Honestly, not at all. I really think the exact opposite is true. The debate in
this arena is hellishly toxic. You read into it a little and you quickly find
out how disturbing ideas flying around really are -- especially from the
prominent voices. Staying away from these debates is probably the best option
for now. I really hope in time something happens and the toxicity goes away.

------
makeset
I do sympathize because people shouldn't have to put up with discrimination
for any reason, especially at work, but her message gets eroded through poorly
chosen arguments.

There's a difference between discrimination and assumption. If I wear scrubs
while visiting a friend at a hospital because I like walking around in scrubs,
people will assume that I'm medical personnel working there. If you're a woman
in a dress at a company where all other women in dresses are recruiters,
people will assume you're probably a recruiter, until they find out otherwise.
They are not discriminating against you, it's just the prior probability. It's
not okay to take this personally and lash out and call them a sausagefest.

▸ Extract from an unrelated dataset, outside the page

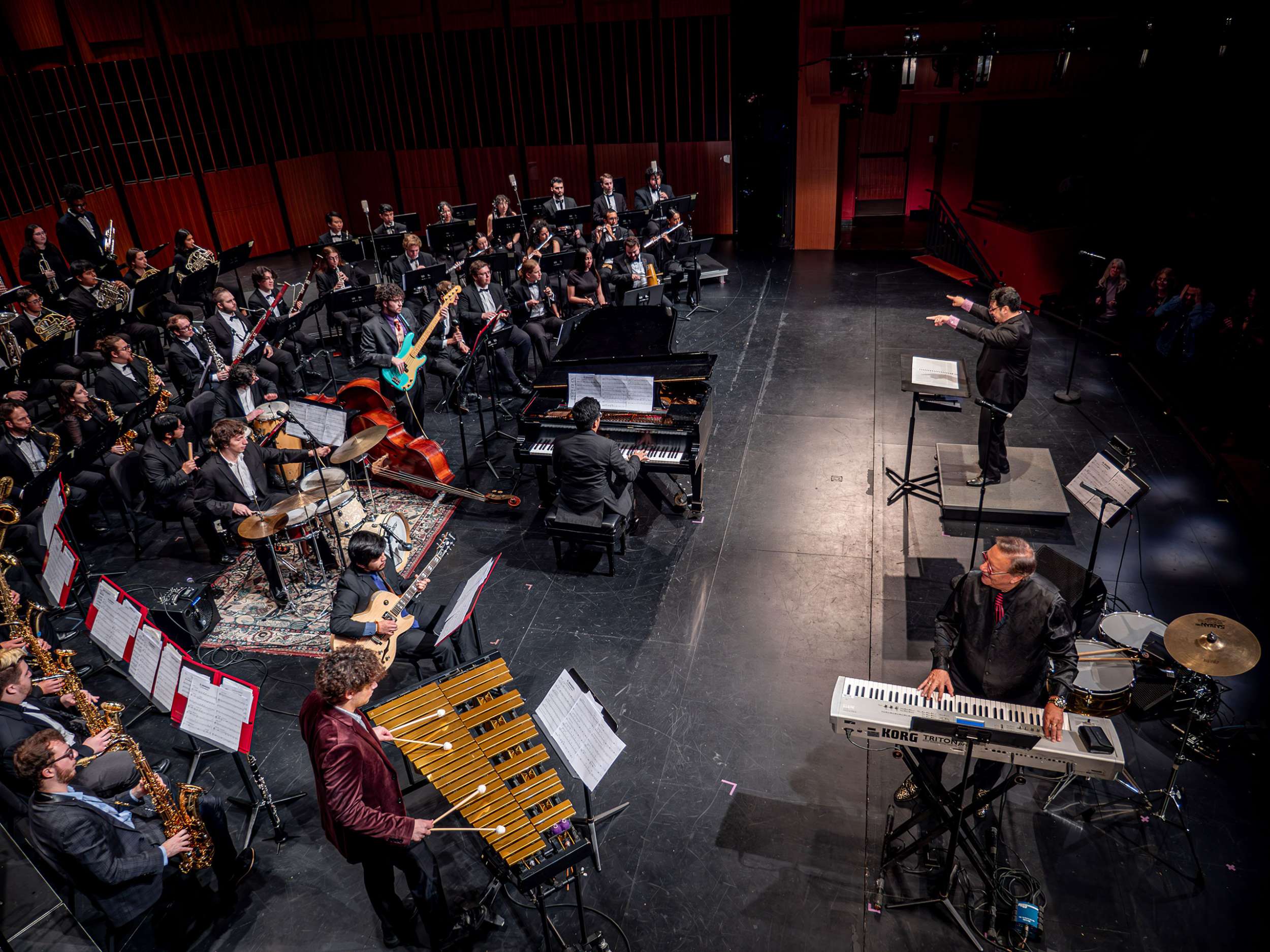 On the final day of his five-day residency, Sandoval returned to the Kasser Theater where he was joined by the University Wind Symphony for the Crawford Concert. In a rare collaboration, the orchestra was joined for two songs, including “Weekend in Tunisia,” by the Jazz Ensemble.
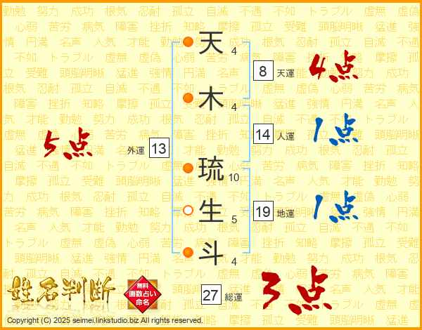 天(4画)木(4画) 琉(10画)生(5画)斗(4画)

An extroverted man wearing more fashion-conscious clothing in an introverted
company-shirt crowd will stand out, and might face less sympathetic reviews in
interview situations. That's discrimination, and it's not okay, but it
happens. Having to look the part or not when it matters is a compromise we all
face. This is not a good argument for her case.

And look here: > And if that wasn’t enough, my achievement was questioned by
male colleagues. I’d occasionally hear, “Oh you’re a woman, you’ll get a job
at Google or Facebook just fine!” Which was the most discouraging
encouragement. If I did get the internship, it was because I was a woman and
if I didn’t, I’d just failed to leverage my upper edge.

They said it because there is truth to it -- she won't get the job _because_
she's a woman, but she _will_ have higher chances _because_ she's a woman. In
the very least, it will muddle the reasons behind the decision. You can't have
your cake and eat it too. If you're in support of gender diversity awareness
in hiring, you've given up the license to complain about it. Saying "Let's
hire more women!" when selecting from a decidedly male-dominated pool fully
implies that women at large are given higher chances solely for being women.
Sad, but true.

At that point I'm starting to doubt the interpretation of other examples like
the older guy who called her dresses "fun." Was it a creepy guy making
underhanded passes, or mere a fatherly figure lending his support for her
unique choices? I personally don't doubt her judgment that it was the former,
but it's hard to be convinced given the way the rest of the article reads.

------
jneen
I have heard most of these things, and it sucks. This is hella real.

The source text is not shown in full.